Task -
Write out the listing verbatim. No pictures belong in it.

Records for the exercise -
________________________________________
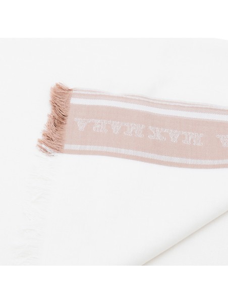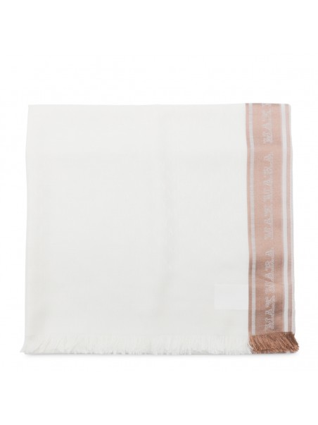 White and beige silk scarves from Max Mara featuring square shape, fringed hem and logo.
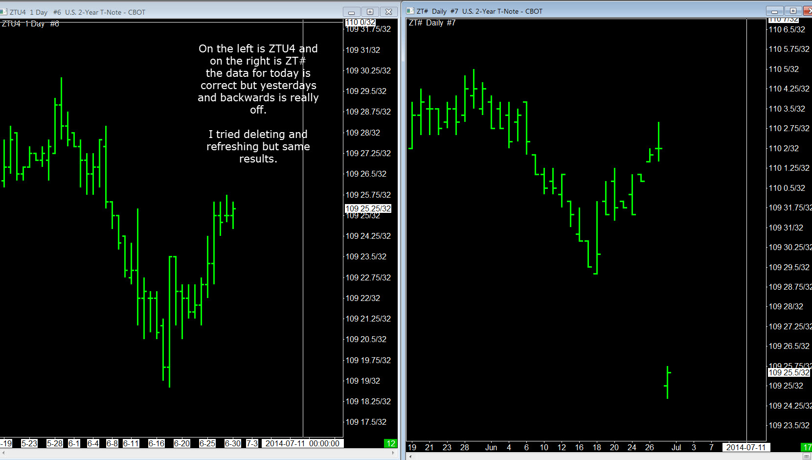 I figured out why ZTU4 and ZT# are different. On ZT# it looks like when they switch over from the ZTM4 to ZTU4 contracts it causes a gap (ZT# switches over at the end of the month vs ZTU4 switches over much sooner). Thanks. IG Date Time Of Last Edit: 2014-06-30 23:17:25
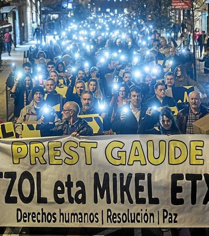 «Reclamamos que en política penitenciaria se den pasos desde una clave de confrontación hacia una fase de resolución, terminando con la aplicación de las leyes de excepción, donde todos los derechos humanos sean respetados», señalaron al término de la manifestación celebrada en Errenteria, una marcha en la que se reclamó la puesta en libertad de Aitzol Gogorza y Mikel Arrieta, dos vecinos que continúan en prisión pese a padecer graves enfermedades.
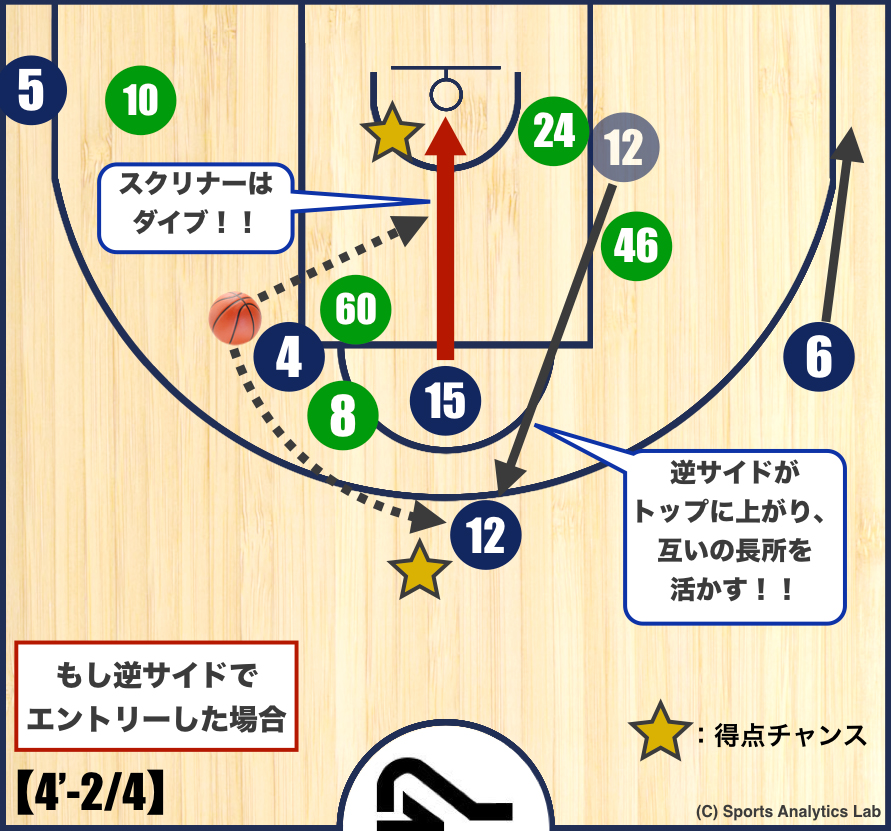 2. 再びクリバリ選手(#15)がスクリーンをセットし、中村選手(#4)はトップに上がります。DEFの対応をよく見て、スリップが狙えたら狙います。「スクリナーチャンスの法則」です。
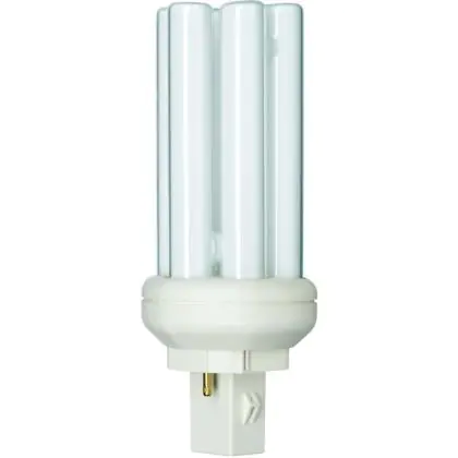 Philips PL-T 2P are compact fluorescent lamps with separate power supply. They are very energy efficient. The Philips PL-T 2P lamps must be used with a ferromagnetic ballast. With a length of 127 cm, Philips PL-T 18W 840 2P have a GX24q-2 socket, made of 4 pins.
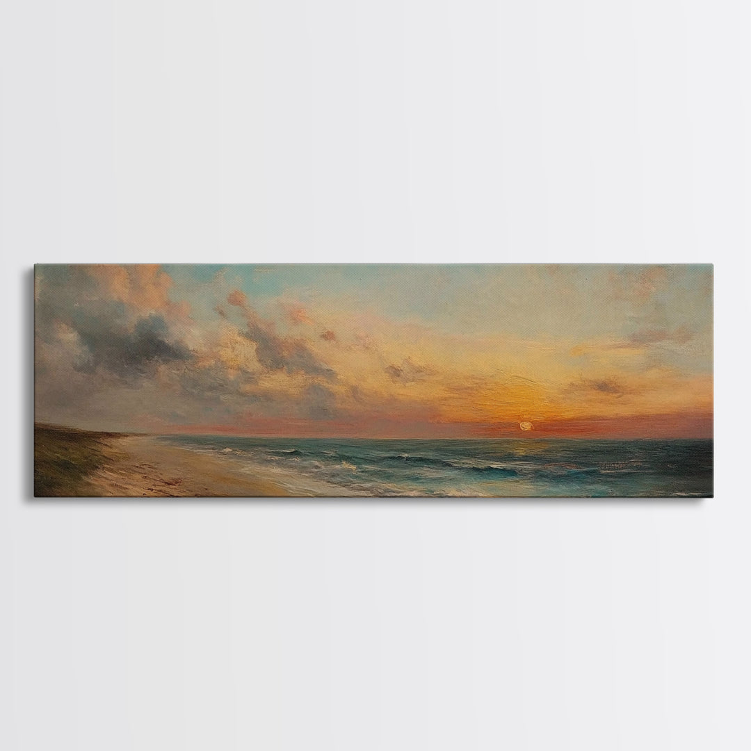 Muted Beach Framed Oil Painting Canvas Print, Minimalist Coastal Decor, Seascape Painting, Long / Horizontal Beach Wall Art, Panoramic Art
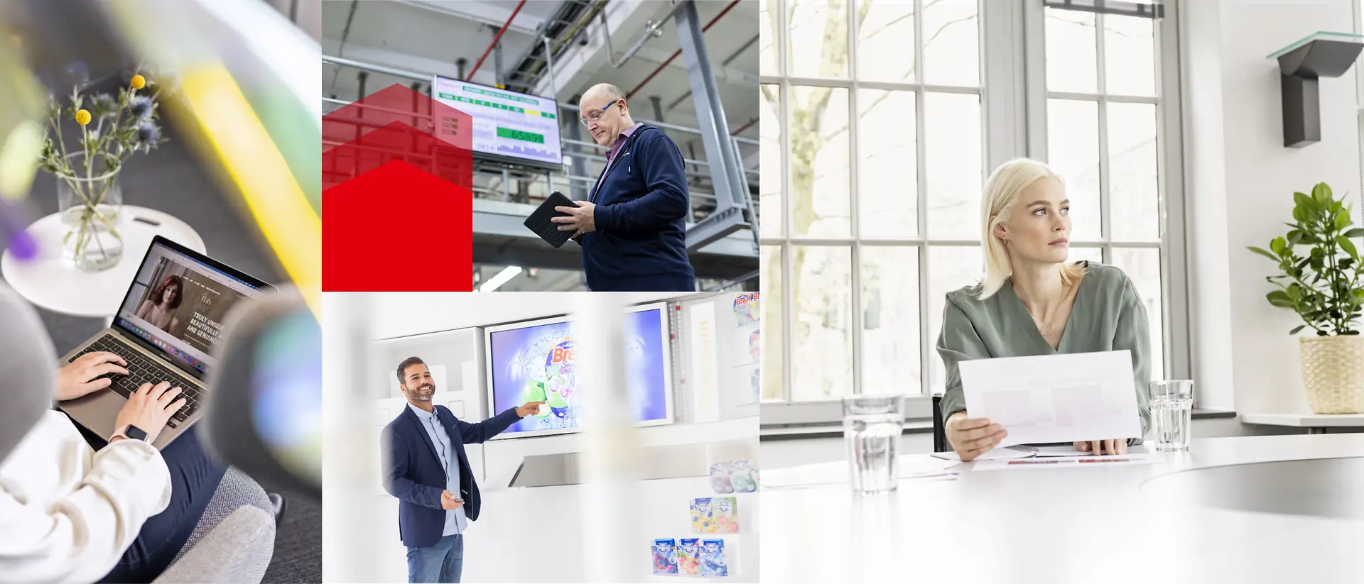 다양한 헨켈 직원들의 얼굴. 그들은 자신감을 보이며 미소를 짓습니다.
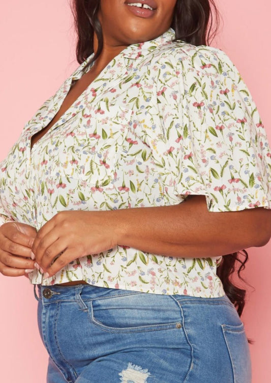 Hi Curvy Plus Size Women Floral Pattern Collar Neck Shirt
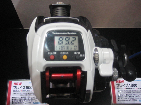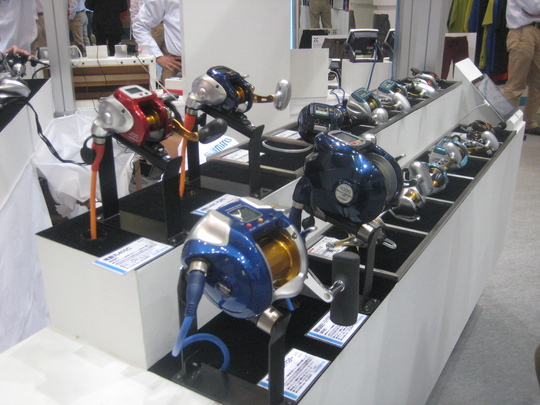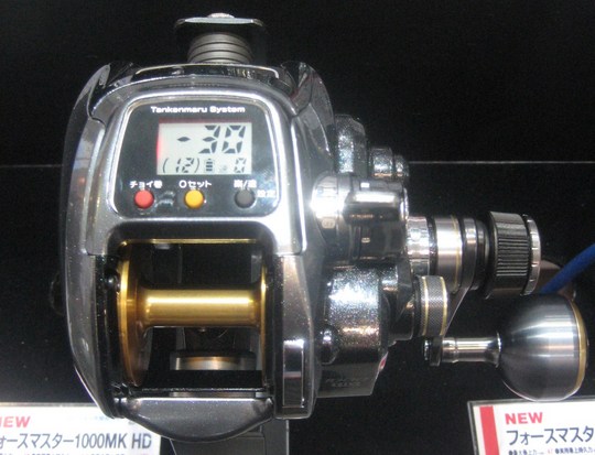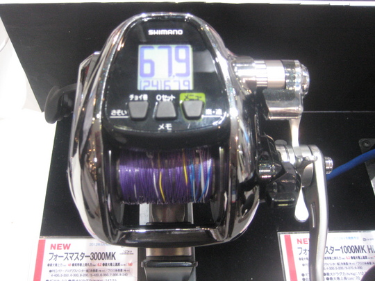 金曜日は開場をうろうろ、土曜と日曜日はずっとシマノブースに詰め切りでした。シマノの今年の目玉は、やはり、スタイルを一新、さらに性能も向上させた電動リールの登場です。フォースマスターに3000MKが登場したのをはじめ、従来の1000MKシリーズにハンドルをわずかに逆転させるだけでドラグが緩むというラピッドファイアハンドルドラグシステムを搭載した1000MKHDが加わりました。
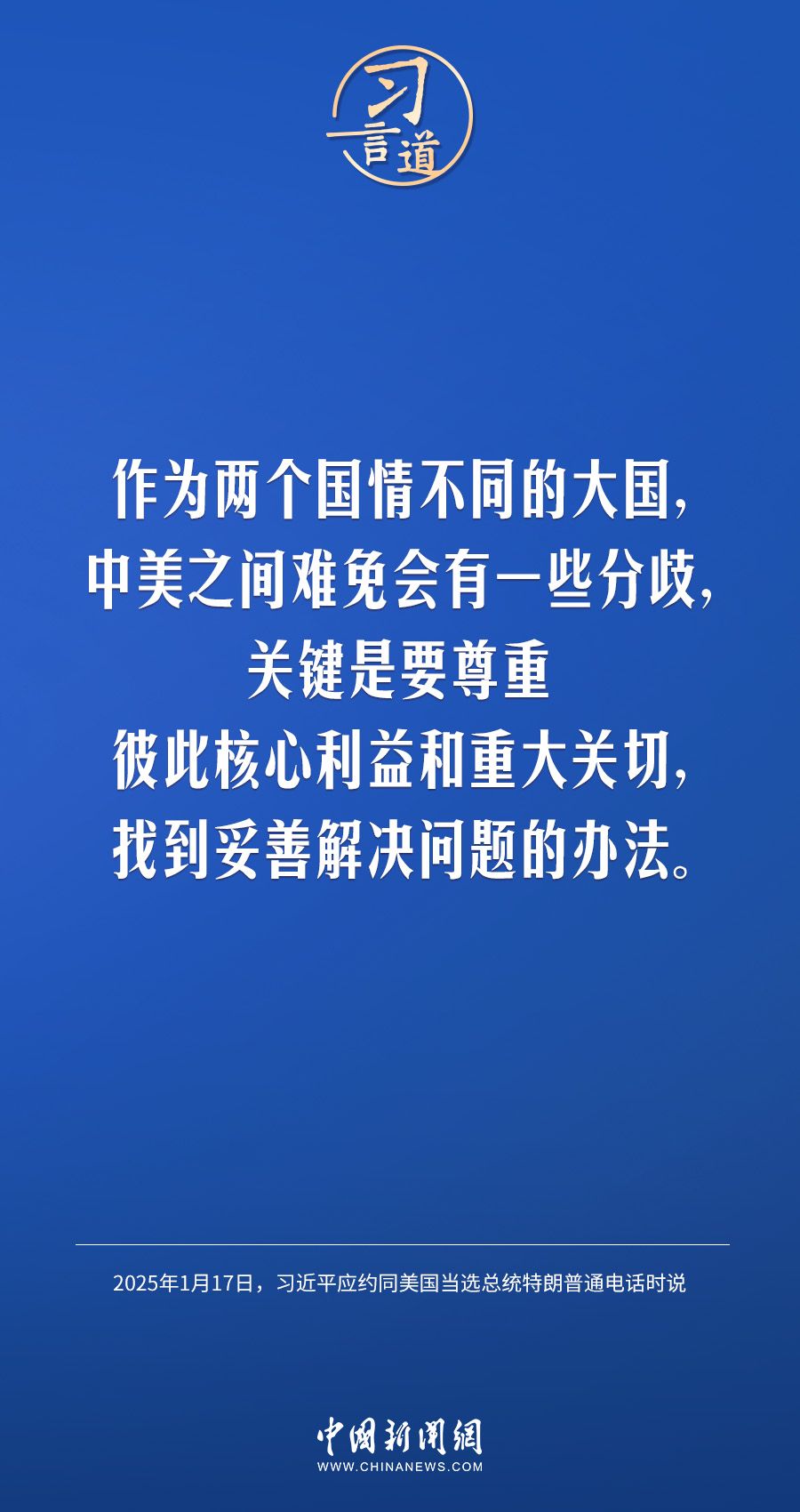 1月17日晚,国家主席习近平应约同美国当选总统特朗普通电话。习近平指出——
________________________________________
Answer section -
 White and beige silk scarves from Max Mara featuring square shape, fringed hem and logo.
 I figured out why ZTU4 and ZT# are different. On ZT# it looks like when they switch over from the ZTM4 to ZTU4 contracts it causes a gap (ZT# switches over at the end of the month vs ZTU4 switches over much sooner). Thanks. IG Date Time Of Last Edit: 2014-06-30 23:17:25
 «Reclamamos que en política penitenciaria se den pasos desde una clave de confrontación hacia una fase de resolución, terminando con la aplicación de las leyes de excepción, donde todos los derechos humanos sean respetados», señalaron al término de la manifestación celebrada en Errenteria, una marcha en la que se reclamó la puesta en libertad de Aitzol Gogorza y Mikel Arrieta, dos vecinos que continúan en prisión pese a padecer graves enfermedades.
 2. 再びクリバリ選手(#15)がスクリーンをセットし、中村選手(#4)はトップに上がります。DEFの対応をよく見て、スリップが狙えたら狙います。「スクリナーチャンスの法則」です。
 Philips PL-T 2P are compact fluorescent lamps with separate power supply. They are very energy efficient. The Philips PL-T 2P lamps must be used with a ferromagnetic ballast. With a length of 127 cm, Philips PL-T 18W 840 2P have a GX24q-2 socket, made of 4 pins.
 Muted Beach Framed Oil Painting Canvas Print, Minimalist Coastal Decor, Seascape Painting, Long / Horizontal Beach Wall Art, Panoramic Art
 다양한 헨켈 직원들의 얼굴. 그들은 자신감을 보이며 미소를 짓습니다.
 Hi Curvy Plus Size Women Floral Pattern Collar Neck Shirt
 金曜日は開場をうろうろ、土曜と日曜日はずっとシマノブースに詰め切りでした。シマノの今年の目玉は、やはり、スタイルを一新、さらに性能も向上させた電動リールの登場です。フォースマスターに3000MKが登場したのをはじめ、従来の1000MKシリーズにハンドルをわずかに逆転させるだけでドラグが緩むというラピッドファイアハンドルドラグシステムを搭載した1000MKHDが加わりました。
 1月17日晚,国家主席习近平应约同美国当选总统特朗普通电话。习近平指出——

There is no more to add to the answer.